Although it may be argued that attempts, successful or otherwise, by a marketing agency to divert business from a stockyard may result in disharmony between the parties and thereby lower the ability of both to render efficient service, still such argument, even if proved to be soundly based in fact, has no legal significance. The test of the validity of the regulation is not so dependent. Nor does the stockyard have the right to exclude from its yards those persons who lawfully trod upon its economic toes. The operation of a stockyard is affected with a public interest and devoted to a public use. Any properly exclusionary regulation must be based upon more than economic or personal desirability or its lack, for the duty to furnish services under the Act cannot be abrogated by considerations of the parties which might form a valid basis of private contract. Carnes v. St. Paul Union Stockyards Co., 164 Minn. 457, 205 N.W. 630, 206 N.W. 396; Nashville Union Stockyards v. Grissim, 153 Tenn. 225, 280 S.W. 1015; Farmers' Livestock Commission Co. v. U.S., D.C.E.D.Ill., 54 F.2d 375.

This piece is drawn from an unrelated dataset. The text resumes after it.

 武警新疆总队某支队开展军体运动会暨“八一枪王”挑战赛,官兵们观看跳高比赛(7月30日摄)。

Stockyard companies are not monopolies and are in fact in active competition one with the other. The rights and duties thus occasioned must be correlated with the rights and duties of other entities recognized under the Act, and, both, finally, with the paramount public interest. An exclusionary regulation based upon diversion of business, such as we here consider, unlawfully restricts petitioner as a marketing agency and wounds the public interest. The persuasive words of the Supreme Court of Tennessee, passing upon the legality of a comparable situation, are in accord.
"Furthermore, we fail to find anything in the Packers and Stockyards Act that requires defendant or his employer to transact all of their business of receiving, buying, and selling livestock on complainant's premises, or from buying livestock and causing the same to be shipped to others than complainant. In other words, there is nothing in the act which requires * * * the defendants, to do all their business with complainant * * *." Nashville Union Stockyards v. Grissim, supra [ 153 Tenn. 225, 280 S.W. 1019].

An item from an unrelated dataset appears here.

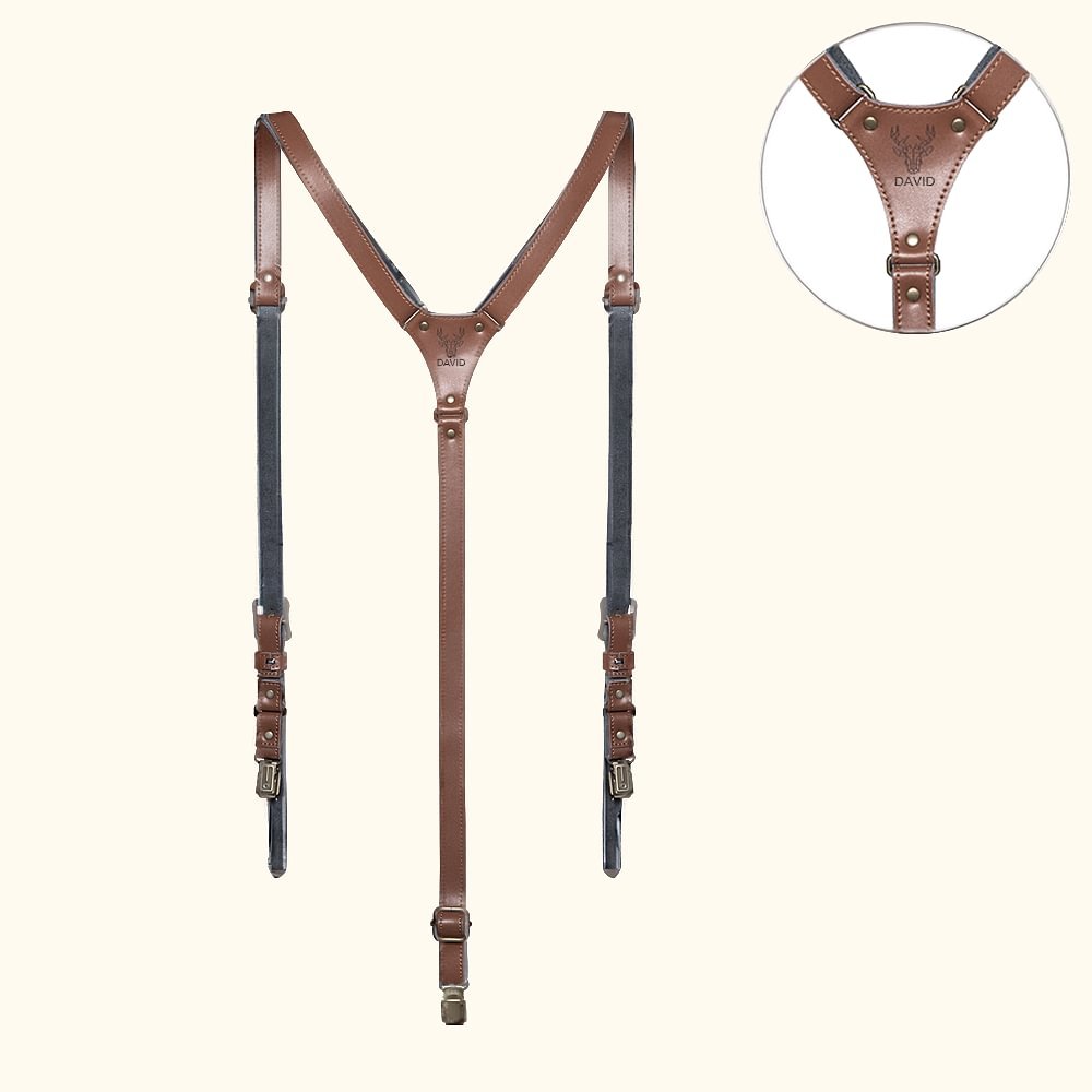 Nuestros tirantes personalizados de cuero de vaca con espalda en Y para hombre son un regalo único y pensado para los hombres especiales en tu vida. Se pueden personalizar con un logotipo, una inicial o una fecha, lo que te permite crear un accesorio verdaderamente único.

The judicial officer expressed some concern as to whether he could properly consider this case absent some showing that the business done by petitioner with the stockyards was interstate commerce. Since the regulation was designed to affect all of the agents or dealers within the area, the question of petitioner's business does not arise, for whatever amounts to a constant practice and threatens to obstruct or unduly burden interstate commerce is within the regulatory power of Congress under the commerce clause, even though in a particular instance it affects only intrastate commerce. Stafford v. Wallace, supra, Note 9. Other contentions presented by the proponents of the regulation have been considered by us and deemed to be without merit.

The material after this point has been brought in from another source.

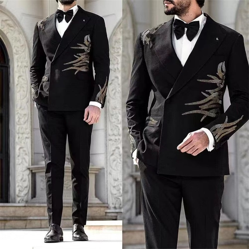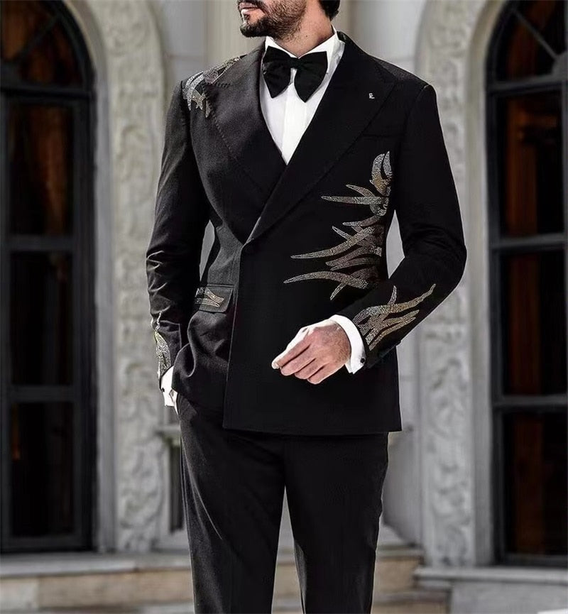 Conjunto de traje de pantalón para hombre, chaqueta y blazer, 2 piezas, con cuentas, para boda, esmoquin, vestido de graduación, oficina, negocios, abrigo, chaqueta y pantalones a medida.

We conclude that Regulation 10(c) is an unlawful restriction upon the statutory rights and duties of petitioners and all market agencies and bears no reasonable relationship to the duties required of the stockyard company under the provision of the Packers and Stockyards Act. The regulation is invalid upon its face and the cause is accordingly remanded with instructions to vacate the order dismissing petitioner's complaint and enter an appropriate order requiring the Denver Union Stockyard Company to cease and desist from issuing or enforcing its Regulation 10 (c).